1

I was looking for advice on how to store data in a database for historical data mining purposes. If I can get the state of an entity at a given time, what is the best way to store it so that I can historically mine that data, predicting what the state is likely to be based on how it has been in the past?

For a more concrete example, I can get the up/down state of a server, and that server's current load. I can get this on a periodic schedule. I'd like to store this data such that I could easily query for the up/down state or the load for a specific timeframe, or get the entire history of that server. I don't have much experience, if any, in database design.

Brian Tompsett - 汤莱恩
  • 5,753
  • 72
  • 57
  • 129
s73v3r
  • 1,751
  • 2
  • 22
  • 48

2 Answers2

1

This is why Ralph Kimball (and others) invented the Data Warehouse.

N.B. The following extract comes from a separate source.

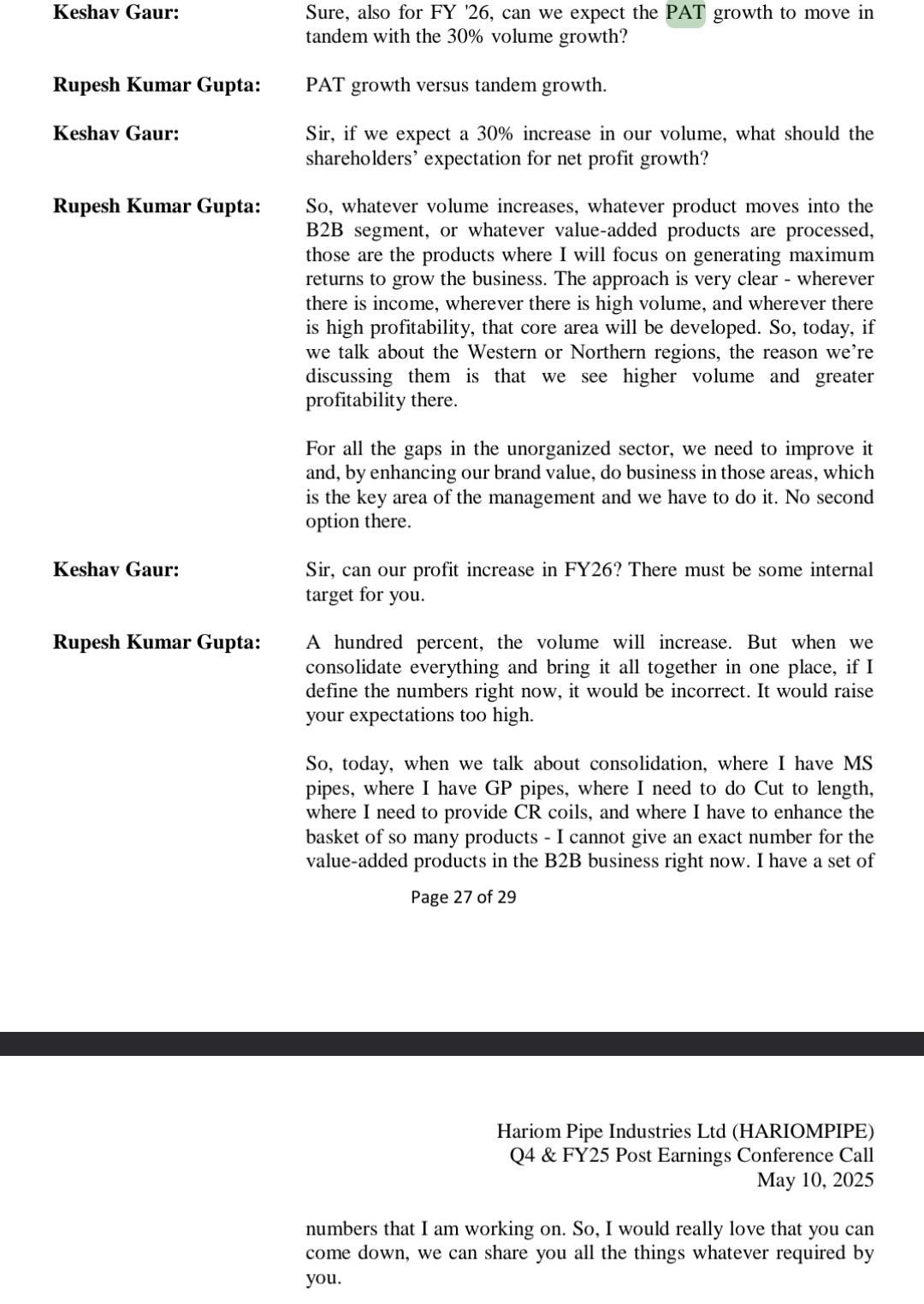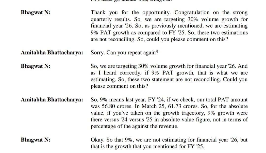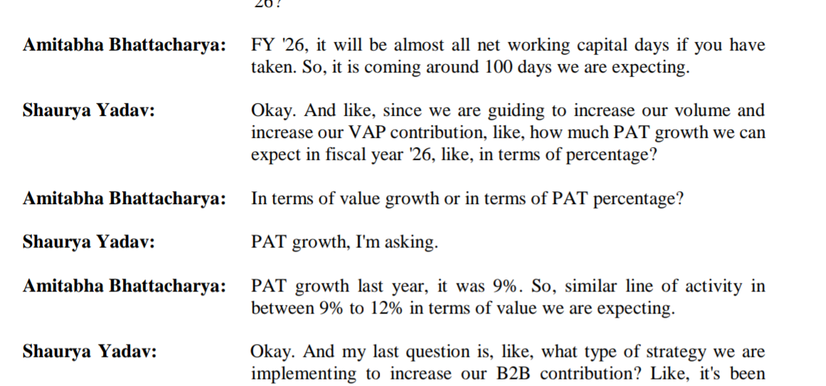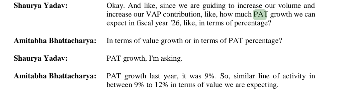 I still don’t understand what are they guiding for volume growth, revenue growth and pat growth for FY27?

You have star schema with dimensions like Server and Time. You have a fact table that records state changes (Up and Down) and a fact table that records Load at a given point in time.

Step 1. Find a good tutorial on star schema design. If necessary buy a book or two. It's worth every moment you spend learning how to do star schema data modeling.

Step 2. Build a prototype schema as cheaply and quickly as you can. Get data loaded so you can write some queries and see how things work. Make mistakes. Fix them.

Step 3. After you get something to work, then write down a good design.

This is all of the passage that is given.